Илюха тревожно оглянулся на кусты — нет ли кого поблизости.

— …Пошла молва про Бедняка и докатилась до царя, — продолжал Васька. — Испугался Далдон и говорит своим слугам: «Спрячьте меня скорее, а если Бедняк придет, скажите, что меня дома нема, что я на базар пошел».

— А какие слуги у царя? — неожиданно спросил Абдулка.

Васька ответил не сразу.

— Какие? Всякие. Эти, как их… гусары, бароны…
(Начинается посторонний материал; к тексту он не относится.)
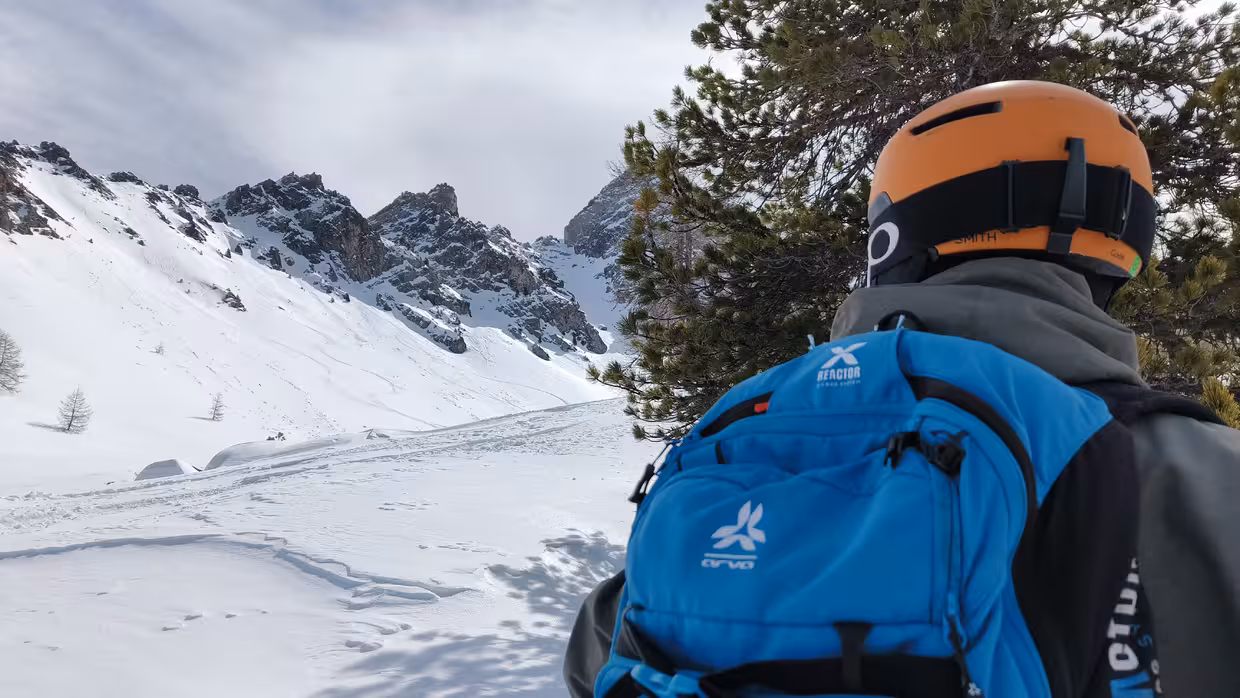 On enchaîne avec un couloir dans la Banane… et là : bien dur, assez glissant à cause du regel. On s’attendait à mieux. On ne s’attarde pas et on bascule de l’autre côté du col d’Arrondaz pour aller voir quelques lignes. Neiges variées dans les couloirs, pas toujours simple à lire, mais le cadre fait oublier le reste. Et surtout, la sortie dans le ruisseau est excellente : encore poudreuse, bien protégée du vent, et ça descend propre assez bas.

— И палач! — выкрикнул Уча. — С топором! По царскому приказу головы отрубает.

— Ноги, — сказал я.

— Не ноги, а головы, — возразил Уча.

— Вы будете меня перебивать? — сердито спросил Васька.

— Не будем, не будем!

— Вот, значит, стали слуги думать, куда царя Далдона спрятать, чтобы его Бедняк не нашел. Куда спрячешь? На небо нельзя — не удержится он на облаках; в воду тоже нельзя — потонет. Думали, думали и надумали: спрятали царя в яйцо, яйцо — в утку, утку — в железный сундук, а сундук заперли пудовым замком и опустили в глубокую шахту под землю.

Илюха поднялся, собираясь уходить.

— Шо ты, Васька? Разве можно так про… царя?

— Дурной, это же сказка.

— Будет тебе сказка, если городовой узнает!..

Уча поддел костылем Илюхину шапку и закинул ее в кусты. Илюха обиженно засопел и уныло поплелся за шапкой.

Васька продолжал:

— Долго ли, коротко ли, близко ли, далеко ли шел Бедняк. Приходит до царского двора. Видит, высокие-превысокие хоромы, а вокруг забор из дубовых бревен. В небо забор упирается. Слуги царевы увидели Бедняка, перепуганные насмерть, и ласково так спрашивают: «Ты царя, голубчик ищешь? Нема его, на базар ушел».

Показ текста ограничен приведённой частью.